[RECORDS SHOWN — start]

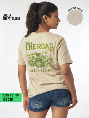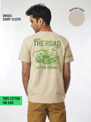 Unisex Short Sleeve – Beige – The Fun Begins ( Front Print)
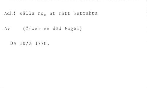 Acht sälla ro, at rätt betrakta //// Av (bfwer en död Fogel) //// DA 10/3 1770.
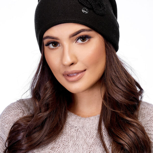 - z przodu czapki ozdobna aplikacja
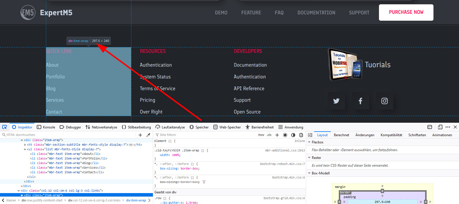 Dann habe ich die class="col-lg-3" auf 20% Breite (von 25%) im Bereich "CSS Editor" gesetzt:
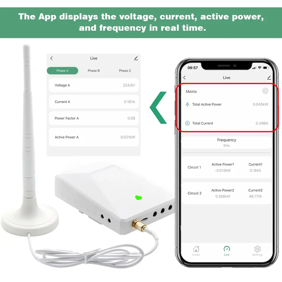 SP360 Tuya สมาร์ท WiFi สามเฟสหลายวงจร5ช่องพลังงานสองทิศทางมิเตอร์ kWh มิเตอร์วัดกำลังไฟฟ้า200A AC90-480V

[RECORDS SHOWN — finish]

Repeat the data exactly, dropping every picture it holds.

YOUR SOLUTION:
 Unisex Short Sleeve – Beige – The Fun Begins ( Front Print)
 Acht sälla ro, at rätt betrakta //// Av (bfwer en död Fogel) //// DA 10/3 1770.
 - z przodu czapki ozdobna aplikacja
 Dann habe ich die class="col-lg-3" auf 20% Breite (von 25%) im Bereich "CSS Editor" gesetzt:
 SP360 Tuya สมาร์ท WiFi สามเฟสหลายวงจร5ช่องพลังงานสองทิศทางมิเตอร์ kWh มิเตอร์วัดกำลังไฟฟ้า200A AC90-480V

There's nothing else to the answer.